Rating agencies Standard & Poor's and Moody's Investors Service in January said they might cut the top credit ratings at MBIA's main insurance unit, MBIA Insurance Corp, in part because of questions about the insurer's capital. Fears the insurer would lose top ratings cratered both the broader stock market and MBIA shares, which have fallen more than 80 percent since October.
But MBIA has raised $2.6 billion this year, including selling $1.1 billion of common shares, $1 billion of surplus notes, and a $500 million investment from private equity firm Warburg Pincus, which also bought some common shares in the offering. The insurer has also taken steps including writing less new business and cutting its dividend to boost capital.
In February, S&P and Moody's affirmed MBIA Insurance's triple-A ratings, which are crucial to winning new business.
MBIA said it generated $43.5 million of adjusted direct premium, a measure of the value of premium from new business earned in the quarter and expected from that new business in future quarters. The first-quarter figure was down 84 percent from a year earlier, but new business volume increased during the quarter, a trend that has continued in the second quarter.
Enough Capital?
Short sellers still believe MBIA needs a good deal more capital, but the company says it is rock-solid.
"MBIA continues to be a sound financial institution," Chief Executive Jay Brown said in a statement, adding that the company's balance sheet can withstand credit stress levels much worse than it is experiencing now. The company said it has no plans to issue common equity as part of its current capital plan.
MBIA said it believes it is about $1.3 billion below Moody's ideal capital level, even if it meets Moody's minimum capital requirement.
The insurer plans to buy more reinsurance to boost capital, and to write new business that either does not affect capital or boosts it. MBIA expects to be in line with Moody's requirements within two quarters.
Analysts polled by Reuters Estimates had expected a first-quarter loss of 95 cents per share, according to Reuters Estimates.
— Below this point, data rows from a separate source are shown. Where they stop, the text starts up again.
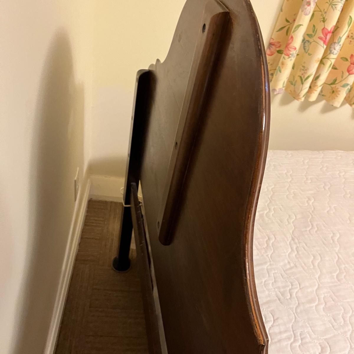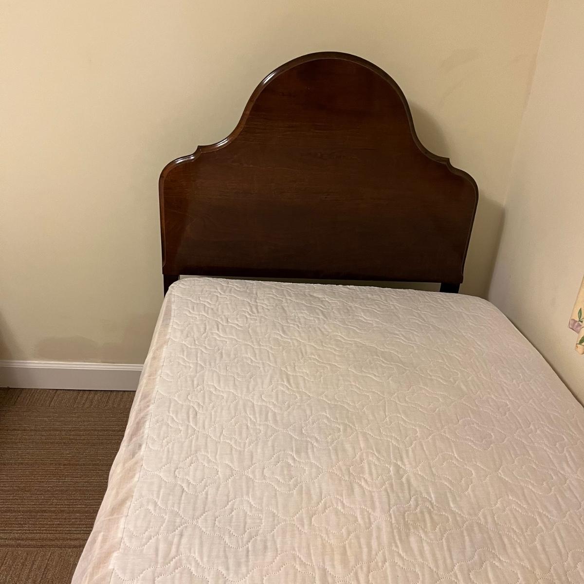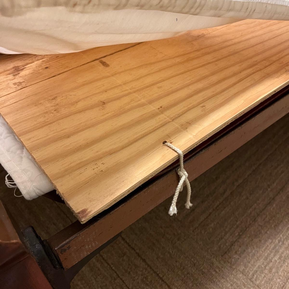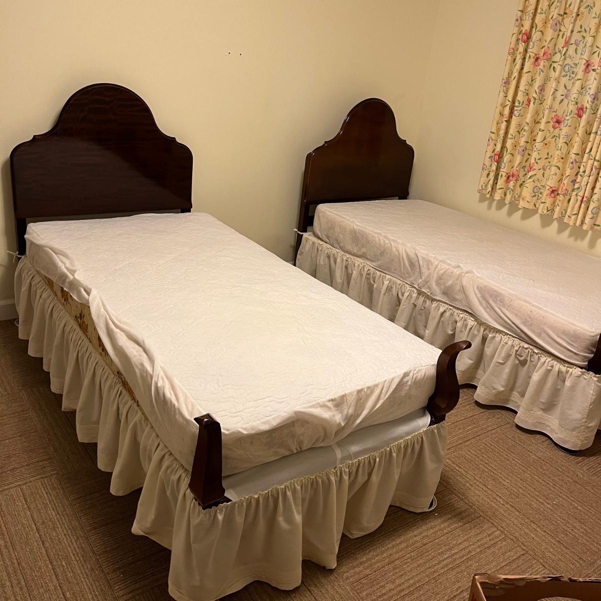 Lot includes two twin bed frames with wooden headboard and footboard. Bed frame has plywood over springs that is removable. Headboard measures 37” x 47”. Mattresses are available to winning bidder, but you are not required to take them.
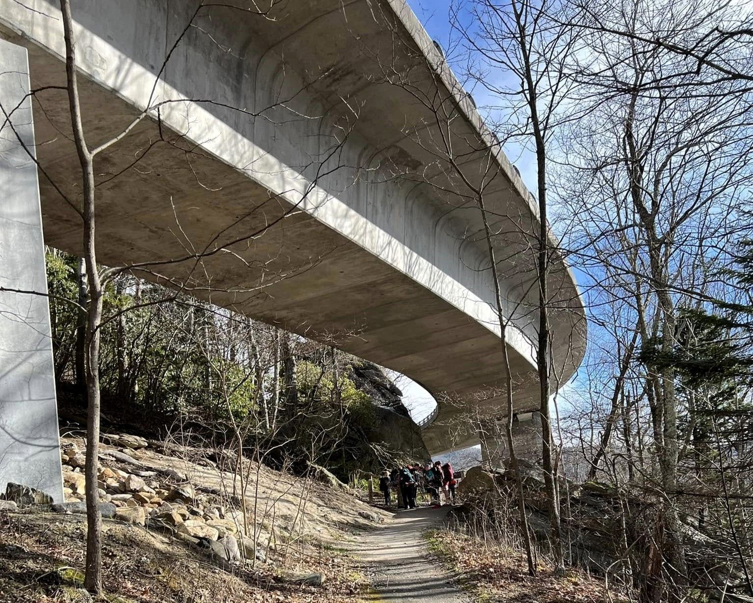 The Scouts and adults headed to Philmont had a shakedown hike on the Tanawha Trail. The trail passes underneath the Linn Cove Viaduct and parallels the Blue Ridge Parkway.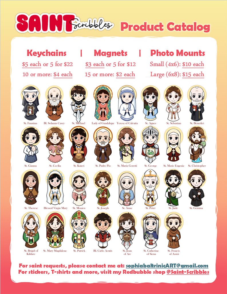 Joy-filled, faith-rooted illustrated goods from hand-drawn Catholic stickers and magnets to thoughtfully designed collections that celebrate the saints, encourage hearts, and bring beauty into everyday life art born from prayer, motherhood, and purpose.
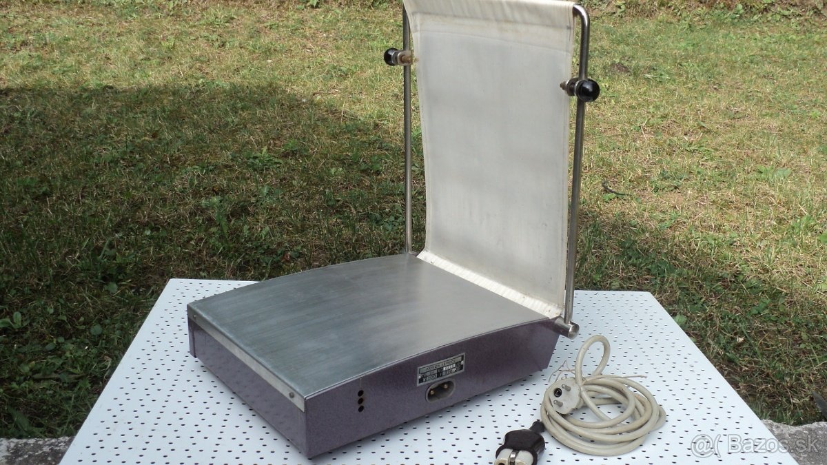 1, Foto žehlička na fotografie s káblom,funkčná,chýba blana /plech / na lesklé fotografie.Výrobca:KOVOS Teplice.Cena 10 €.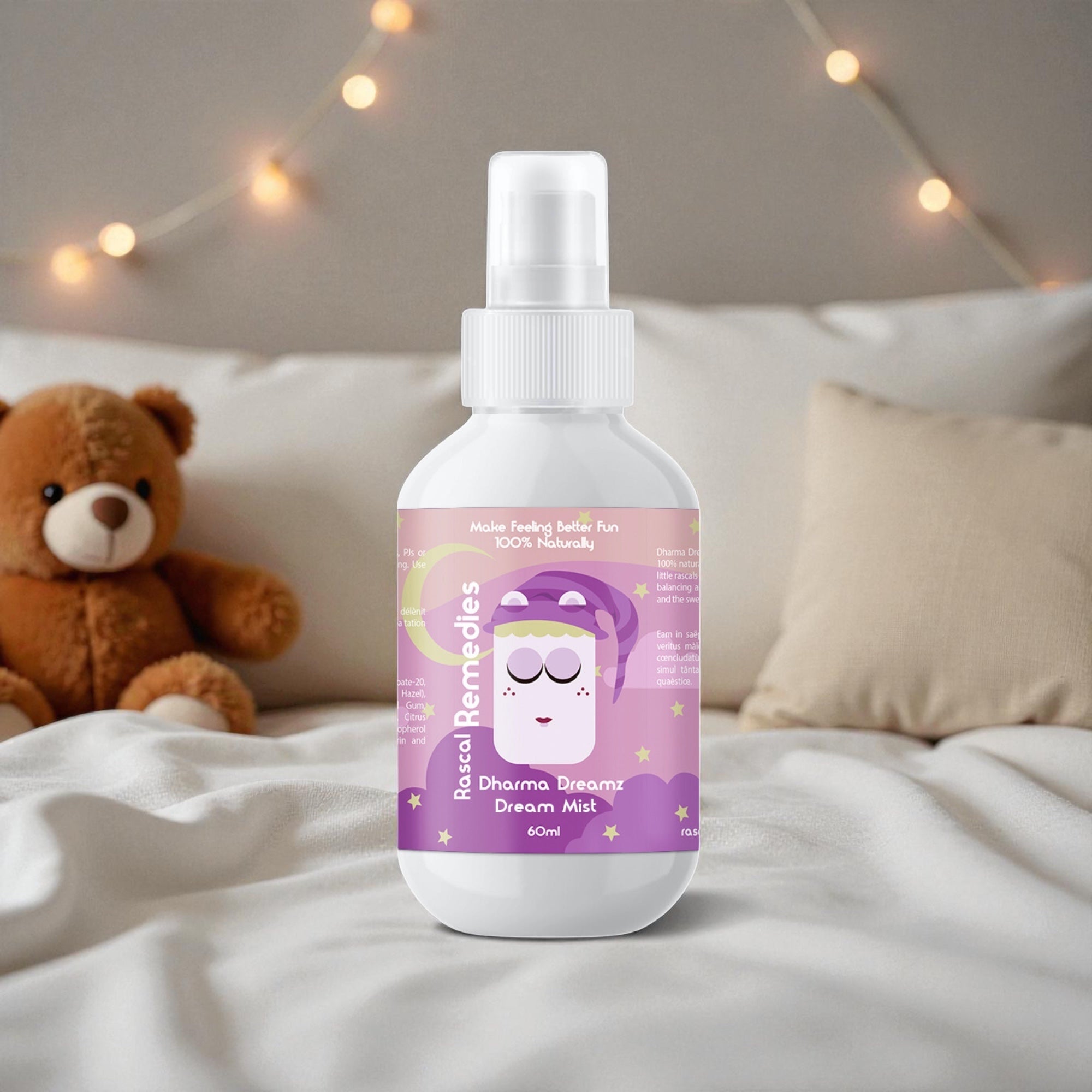 Each of our Mists are formulated to help support rascals during their day. Finn Focus helps your rascal boost their attention, effort and concentration. A thunderclap to break through mental fog. Dharma Dreamz helps gently support mental calm and/or ease rascals into slumber. A mellow spritz to welcome galactic quiet and twinkly dreams.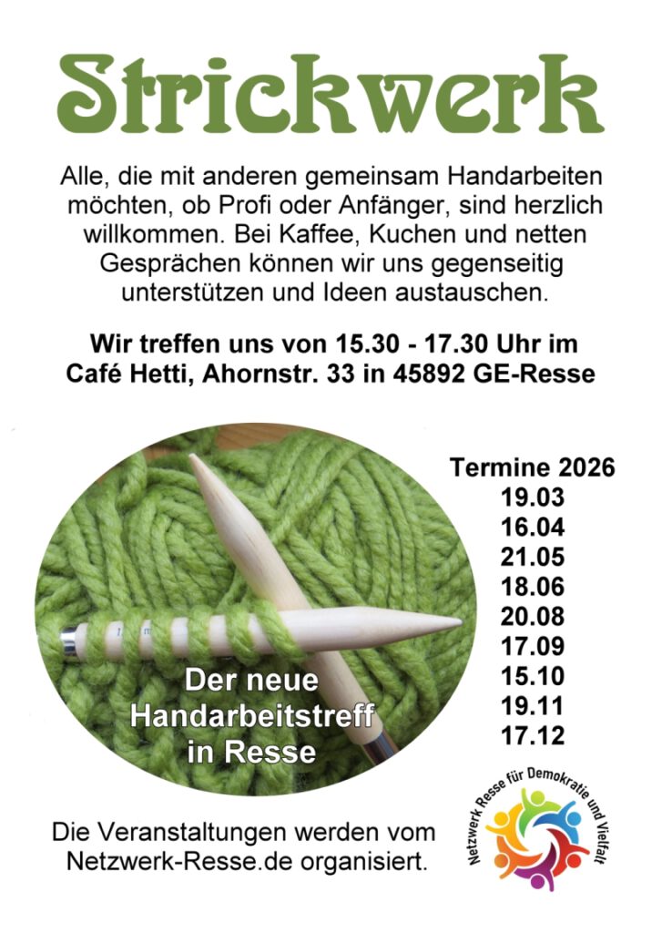 Es wurde bestätigt, dass der Weg, den das Resser Netzwerk für Demokratie und Vielfalt eingeschlagen hat, sinnvoll und nachahmenswert ist. Dabei geht es darum, die Bevölkerung aufzurufen, aktiv für Demokratie und Vielfalt einzutreten, und zwar im Freundes- und Bekanntenkreis, am Arbeitsplatz, im Verein und überall in der Öffentlichkeit, wo Hass, Hetze und Diskriminierung in Form von Bemerkungen oder Verhaltensweisen anzutreffen sind.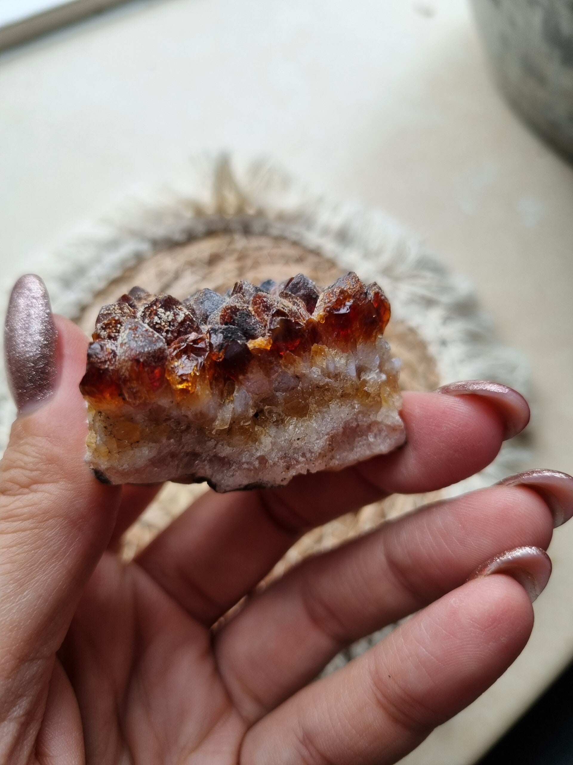Deze steen brengt ontspanning en geeft een zonnig gevoel. Helpt je moeilijkheden overwinnen, geeft je energie en bevordert de bloedcirculatie. Gebrande amethist helpt ook bij de ontwikkeling van jouw heldere vermogens en intuïtie.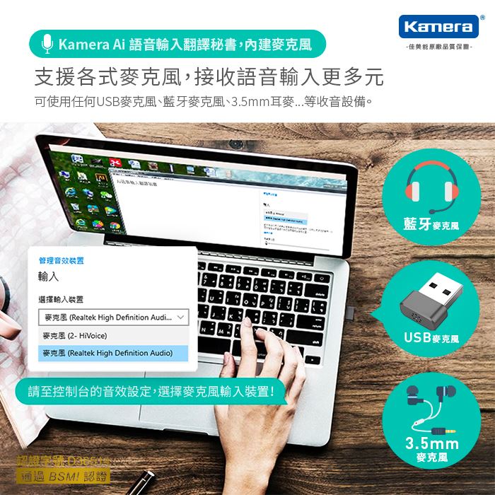 - 可使用任何USB麥克風、藍牙麥克風、3.5mm耳麥…等收音設備。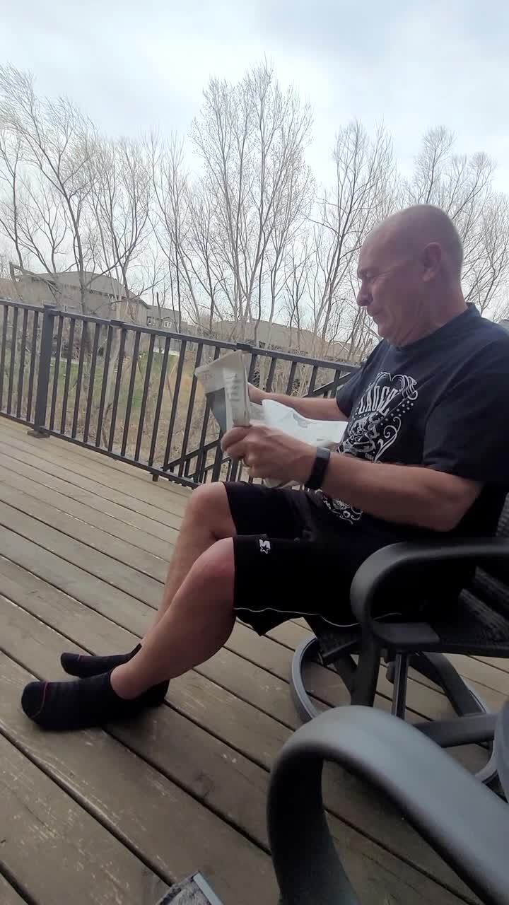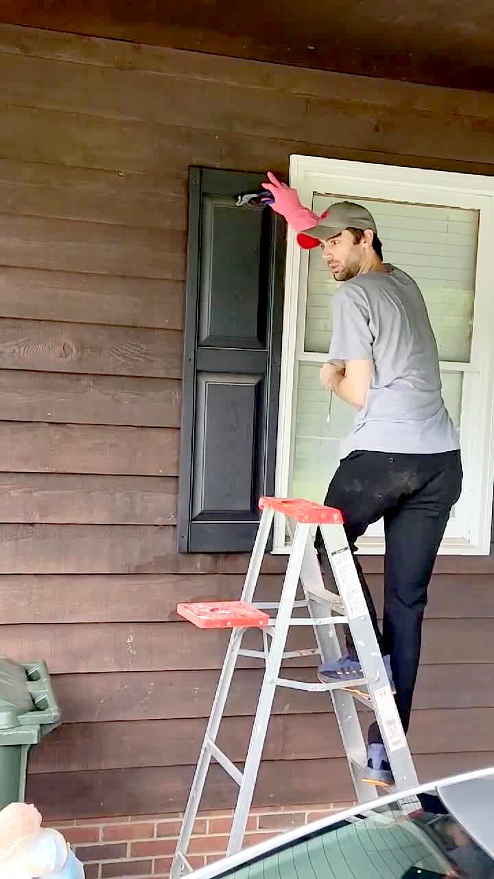 A teen boy takes down a hanging plant and a bird flies out of it. He screams on the front-porch and runs into the house. Security footage. Night. Dark

Excluding unrealized losses, Reuters Estimates said MBIA earned 16 cents per share. It was not immediately clear how closely that figure matched up with analysts' forecast.
In February, MBIA warned investors it might have to mark down the value of credit derivatives in the first quarter, given weakness in the credit market.
And in a letter to shareholders last week, CEO Brown wrote that he suspected the declining market value of credit derivatives "will again be incorrectly described by the media as either new subprime losses or asset write-offs and will dominate the news coverage of MBIA."
Brown also said that although market inputs are used to determine the value of MBIA's credit derivatives, there is no real market for the insurer's positions, and the valuations do not reflect expected actual payouts.
MBIA recorded losses of $3.7 billion from the change in credit derivatives' value in all of 2007, which resulted in net losses for the year of $1.9 billion.
Monday's results left MBIA's shareholder equity, or the accounting value of assets minus liabilities, at $2.06 billion, down from $3.66 billion in the fourth quarter of 2007.